I have a feeling you are expected to just compute. Luckily, the computation is relatively short. Start with $2$. Since $2^5\equiv 1\pmod{31}$ (you may be using different notation), $2$ is not a generator: it has order $5$, not $30$.

So now try $3$. If $3$ is not a generator, then the powers of $3$ generate a proper subgroup of our group. Our group has $30$ elements, so the proper subgroups have size $1$, $2$, $3$, $5$, $6$, $10$, or $15$. So we do not need to compute too many powers modulo $31$.

If we find out that $3^{15}\not \equiv 1\pmod{31}$, that will also rule out $1$, $3$, and $5$. We must also rule out $6$ and $10$.

First we rule out $6$. Note that $3^3\equiv -4\pmod{31}$. So $3^6\equiv 16\pmod{31}$. Thus $3^9\equiv -64\equiv -2\pmod{31}$, and therefore $3^{10}\not\equiv 1\pmod{31}$. That rules out $10$. Since this is homework, I will leave it to you to rule out $15$. With a calculator, it is particularly easy, since one need not be afraid of largish numbers.

We end up finding that $3$ is a generator. Since $2$ isn't, $3$ is the smallest one.

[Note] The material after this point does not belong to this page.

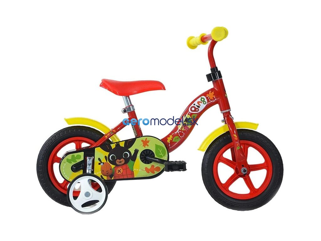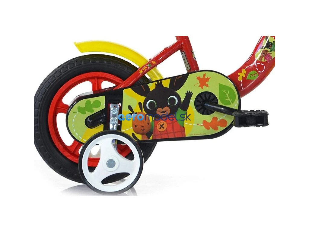 Dětské kolo DINO Bikes - 10" s licencovaným motivem pohádkového králíčka Binga s flopem. Od Italského výrobce kol. Kolo má ráfek s plnou pneumatikou bez dohušťování, stálý převod bez brzdy, je vybaveno pomocnými kolečky.

Remark: We could just have computed the powers of $3$, reducing modulo $31$. Here is a start: $3, 9, 27, 19, 26, 16, 17, 20, 29, 25, 13, 8, 24, 10, 30$. Now it's all over, because we have computed $15$ powers and not reached the identity. Much more efficient (at least for $31$) than the argument of the main post, which used more in the way of group-theoretic ideas. However, with substantially larger numbers, the proper approach is a combination of ideas and brute force. By the way, finding a generator, for huge primes, has practical applications.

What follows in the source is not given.